WORK ITEM: Copy task. Retype the whole listing exactly, omitting any picture in it.

RECORDED DATA:
────────────────

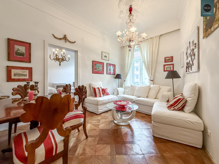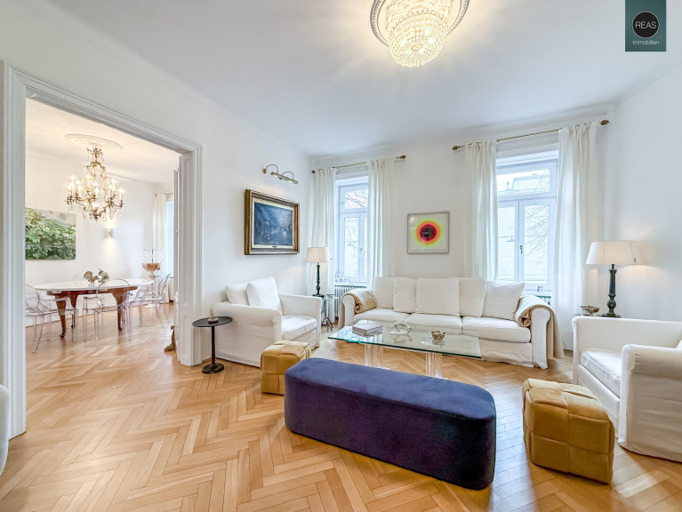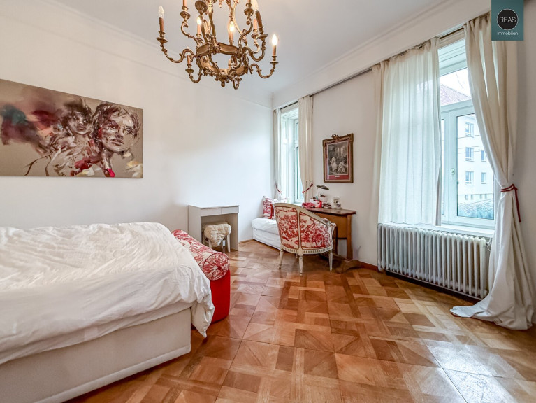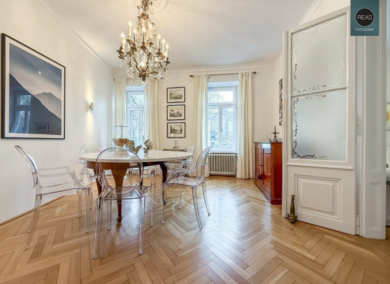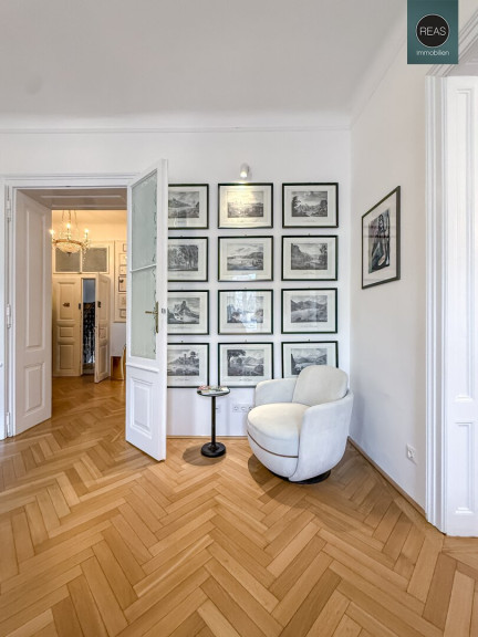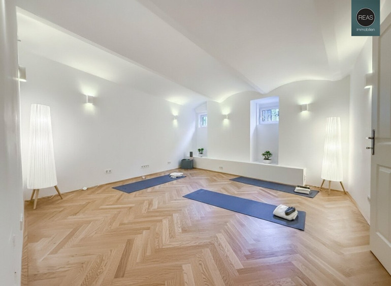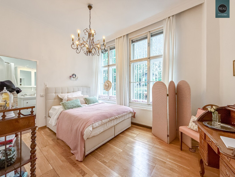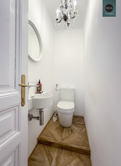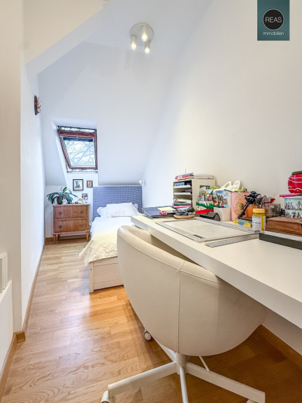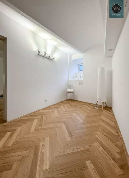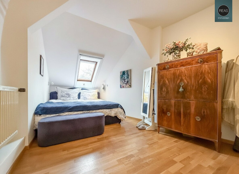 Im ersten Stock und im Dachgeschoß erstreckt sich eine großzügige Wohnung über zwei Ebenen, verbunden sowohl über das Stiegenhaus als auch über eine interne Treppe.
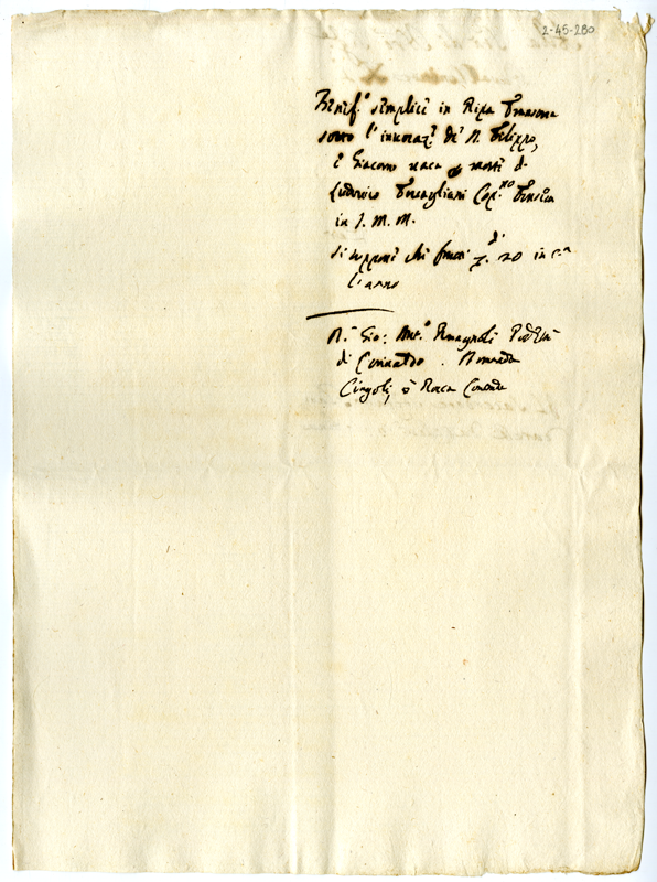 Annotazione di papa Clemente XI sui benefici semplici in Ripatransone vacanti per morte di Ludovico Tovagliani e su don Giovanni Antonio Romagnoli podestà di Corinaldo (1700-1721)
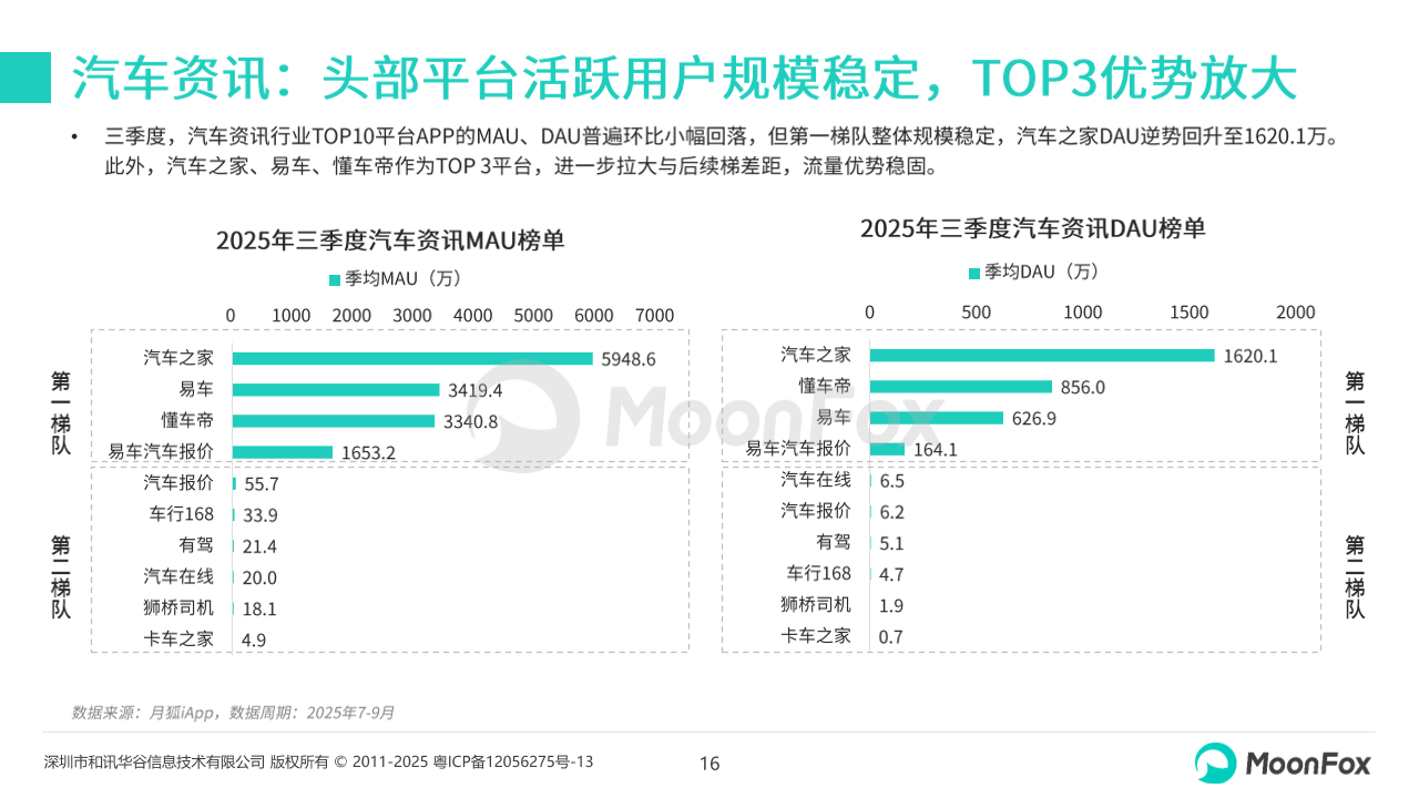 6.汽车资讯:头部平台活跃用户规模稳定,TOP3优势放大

────────────────

YOUR RESPONSE:
 Im ersten Stock und im Dachgeschoß erstreckt sich eine großzügige Wohnung über zwei Ebenen, verbunden sowohl über das Stiegenhaus als auch über eine interne Treppe.
 Annotazione di papa Clemente XI sui benefici semplici in Ripatransone vacanti per morte di Ludovico Tovagliani e su don Giovanni Antonio Romagnoli podestà di Corinaldo (1700-1721)
 6.汽车资讯:头部平台活跃用户规模稳定,TOP3优势放大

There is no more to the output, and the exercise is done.